Tine, the suit was approved by the Condo board, which happens to be the same as that of the cooperative. But the cooperative is a shareholder of the condo and did pay its share of the legal fees. If the suit was proved unnecessary later, the cooperative does have an action against defendants for possible waste and breach of duty of care and a relief for compensation. Plaintiffs can bring a derivative action on behalf of the cooperative and it may be the only way that justice can be done because "(a)ny injury to the shareholders of an entity that serves as shareholders of a corporation is derivative, and the entity's shareholders cannot sue the corporation directly, for injuries to the entity." Lama at 418.

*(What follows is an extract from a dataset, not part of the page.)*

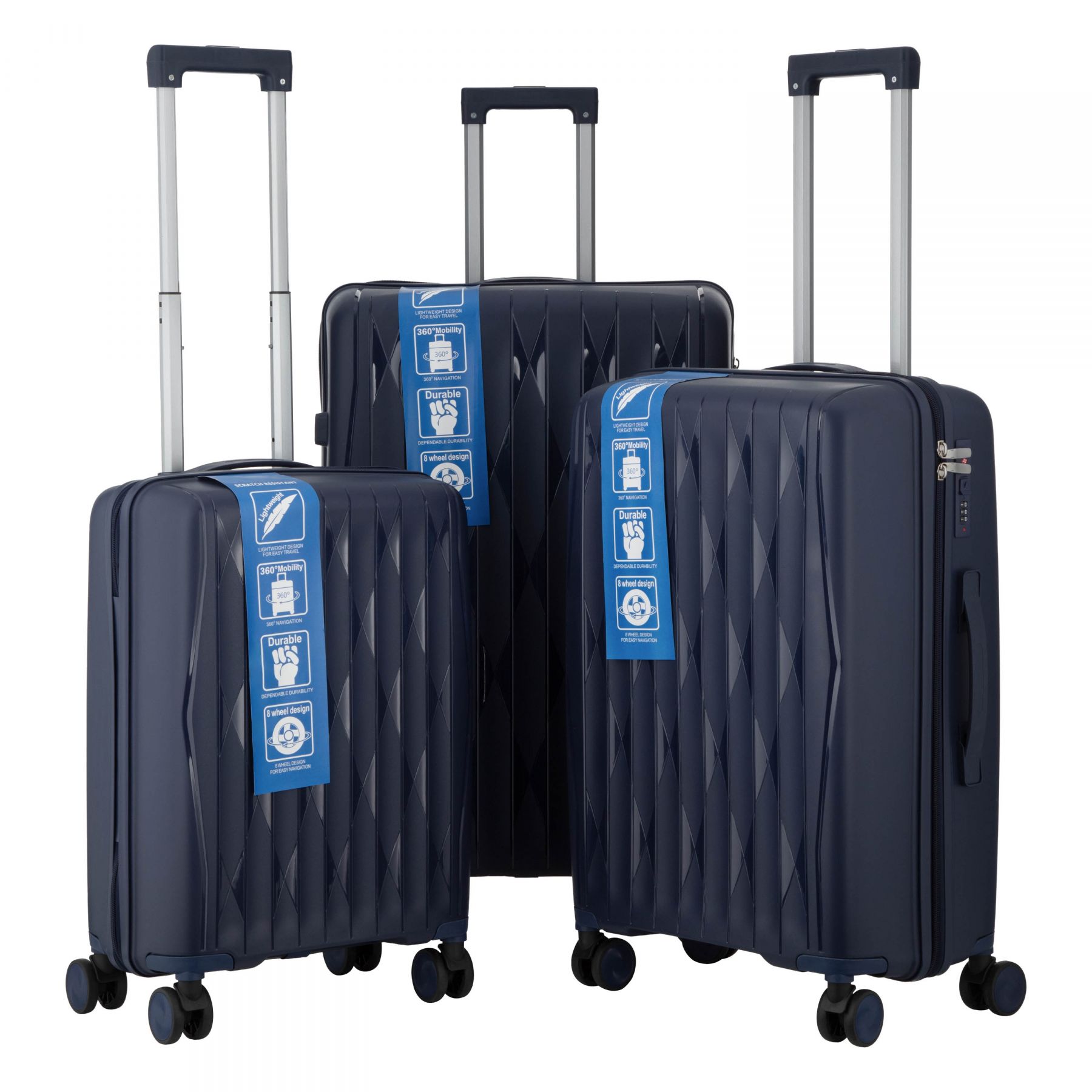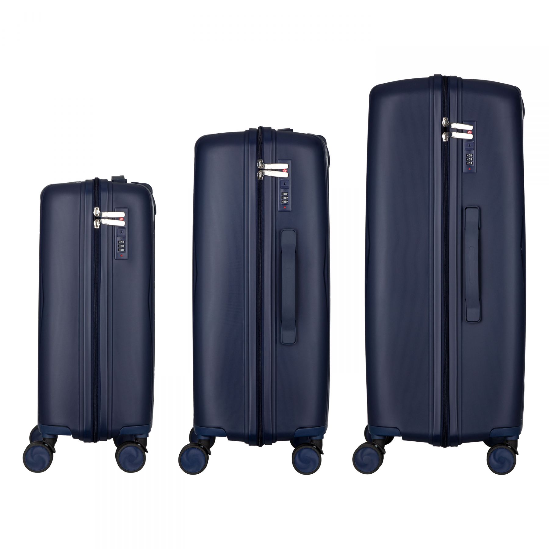 Набір валіз 2E, M7979, поліпропілен, (L+M+S), блискавка anti theft, 4 колеса, кодовий замок, темно-синій

The problem with this claim is the same with the second one, i.e., the improper mix of direct and derivative actions. Most of the allegations surrounding corporate governance impact only the shareholder's right, e.g., the right to inspect the books and records and the right to demand the holding of the board meeting. See In re Steinway, 159 NY 250, 252 [1899] ("A stockholder has the right at common law to inspect the books of his corporation at a proper time and place and for a proper purpose"). They shouldn't be pled in tandem with the derivative suit advocating for the cooperative's interest. Therefore, the claim should be dismissed with leave to replead.
Finally, the alleged breach of fiduciary duty in the condo suit is not time-barred, as claimed by defendants. True, plaintiffs only sought monetary judgment in the complaint but "CPLR 213(7) extends the limitations period to six years for 'an action by or on behalf of a corporation against a present or former director, officer or stockholder ... to recover damages for waste or for an injury to property or for an accounting in conjunction therewith'" Grika v McGraw, 55 Mise 3d 1207[A], 2016 NY Slip Op 51878[U], *11 [Sup Ct, NY County 2016], Here, the derivative suit is about recovering damages for possible waste or injury to the cooperative property, so it is timely filed.
Given that the complaint is dismissed with leave to replead, the court need not address the injunctive relief claim since at this stage the court has not assessed the merits of either party's argument. Based on the foregoing, it is hereby
ORDERED that the matter is dismissed against defendants without prejudice and plaintiffs may file an amended pleading with the court's leave consistent with this Decision and Order not more than thirty days following the date of service of this order with notice of entry with defendants being given 20 days to answer or otherwise respond to this complaint not more than twenty days following the filing of such complaint; and it is further
ORDERED that the uploading of such papers to NYSCEF shall constitute proper service of such papers.